Instead he put his hand on Thorin’s robe where it was falling open at his broad chest, and toyed with it a moment. And then he found Thorin giving back a rather hot, indulgent gaze, and so he moved his hand to his chest, itself, right over his heart. It was very warm. “Oh yes,” he replied. “For in fact, I do dare!”

He tilted his head up, and kissed Thorin’s mouth, quickly, and then he ran both hands over him. The dip of his collar bone and breadth of his shoulders; the wide chest with its soft dark hair; his thick, strong waist and hard stomach; the rise of his hips,  just over his waistband, the trail of hair leading downward. Thorin made little move himself as yet: he held himself still under the hobbit’s hands. That itself was arousing. He was so very much in charge of things, ever the man of action: when did he willingly stay motionless for long? But he was, now, for Bilbo. Only he was breathing a little quickly, through parted lips.

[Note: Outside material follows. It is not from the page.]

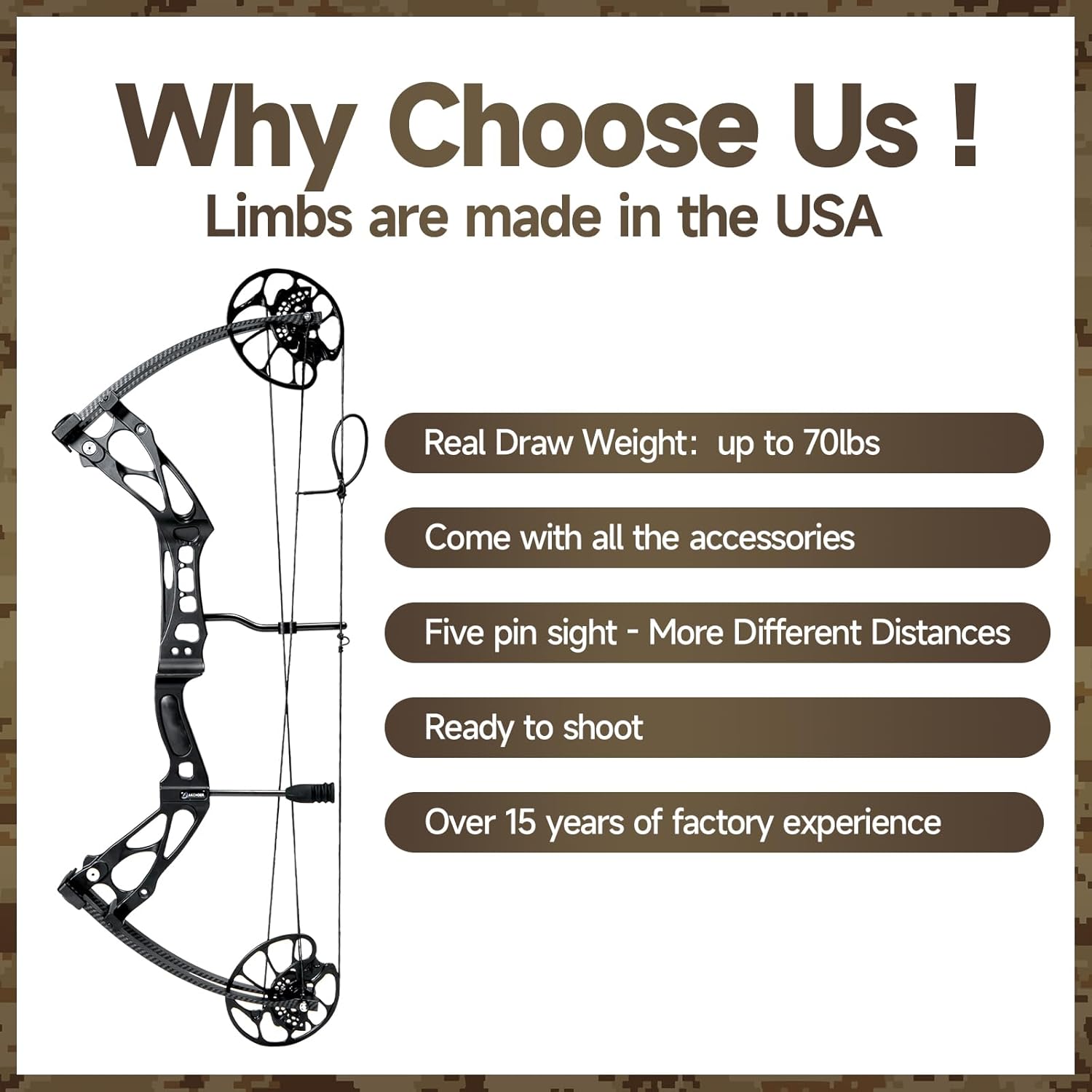 Compound Bows Draw Weight 30-70lbs Ready to Shoot, Bow and Arrow Set for Adults, Archery Set Come with All The Accessories
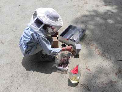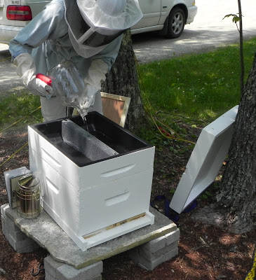 Armed with my smoker and the top feeder I headed to the hive. The feeder is designed so the bees can crawl up the screen from below and gather the syrup without getting wet. Bees don’t swim and without the screen they would drown in the liquid.

That Thorin liked his exploratory touch seemed clear, very clear. With a smile, Bilbo just brushed his hand over the place where the other’s erection lay outlined under the cloth, firm and hot to the touch. The other made a breathy sigh as Bilbo caressed his cock; the sound of it went straight to his own loins.

With nimble fingers he undid his friend’s lacings and rolled them down and off; and then Thorin was lying there, naked except for his open robe, with his big, very pretty, very ready prick jutting upward. Bilbo couldn’t help smoothing his hand all over it, and then he was bending his head, quite ready himself, when Thorin suddenly took him by his shoulder and stopped him.

“A moment,” Thorin said in a hoarse voice. He grabbed Bilbo by his shirt and hauled him close; then he put one large hand on the side of Bilbo’s face, and stared into his eyes. _If he is trying to discourage me, he’s doing a terrible job of it_ , the Hobbit thought. He was fairly sure he’d never been so hard, so aching, in his life.

“Tell me,” Thorin said, low and serious, “That I am leading you to break no vow. That I do not draw you from any law or honor of your people, that I tempt you to break no promises—”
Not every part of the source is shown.